+++ TASK DATA +++

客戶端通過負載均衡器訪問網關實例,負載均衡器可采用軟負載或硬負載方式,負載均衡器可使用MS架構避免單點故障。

+++
+++ TASK DATA +++

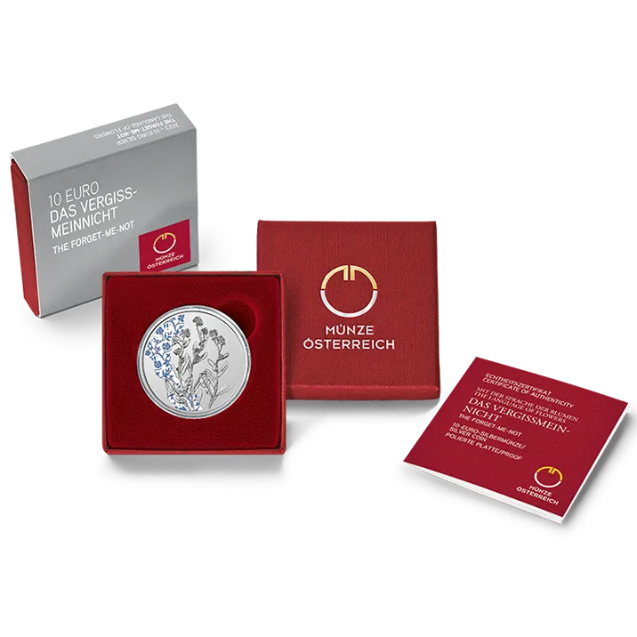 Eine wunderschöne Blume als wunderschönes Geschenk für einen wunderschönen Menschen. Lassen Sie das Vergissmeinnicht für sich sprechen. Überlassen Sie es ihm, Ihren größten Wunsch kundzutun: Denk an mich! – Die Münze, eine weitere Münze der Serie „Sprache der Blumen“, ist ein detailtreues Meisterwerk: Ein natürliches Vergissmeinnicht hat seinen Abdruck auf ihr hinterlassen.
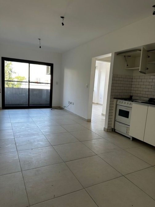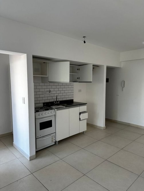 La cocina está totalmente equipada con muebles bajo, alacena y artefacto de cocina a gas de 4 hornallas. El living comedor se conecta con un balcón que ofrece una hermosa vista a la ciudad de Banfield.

+++
+++ TASK DATA +++

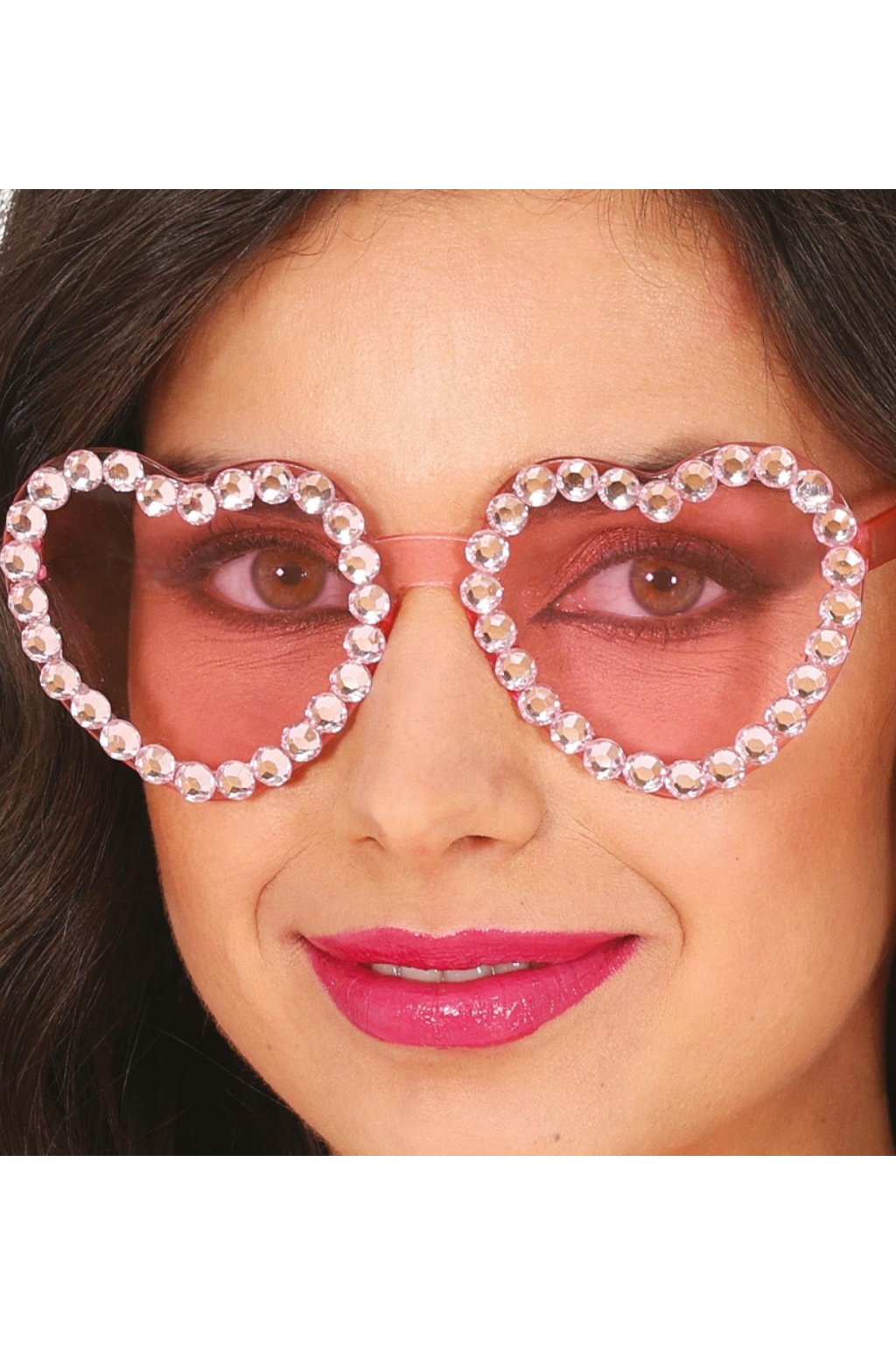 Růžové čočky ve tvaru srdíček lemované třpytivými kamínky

+++

> ACTION ITEM
Would you restate, exactly and with no pictures, the lines of the entries above from the one containing "Eine wunderschöne Blume" through the one containing "La cocina está"?

> ANSWER TO THE EXERCISE
 Eine wunderschöne Blume als wunderschönes Geschenk für einen wunderschönen Menschen. Lassen Sie das Vergissmeinnicht für sich sprechen. Überlassen Sie es ihm, Ihren größten Wunsch kundzutun: Denk an mich! – Die Münze, eine weitere Münze der Serie „Sprache der Blumen“, ist ein detailtreues Meisterwerk: Ein natürliches Vergissmeinnicht hat seinen Abdruck auf ihr hinterlassen.
 La cocina está totalmente equipada con muebles bajo, alacena y artefacto de cocina a gas de 4 hornallas. El living comedor se conecta con un balcón que ofrece una hermosa vista a la ciudad de Banfield.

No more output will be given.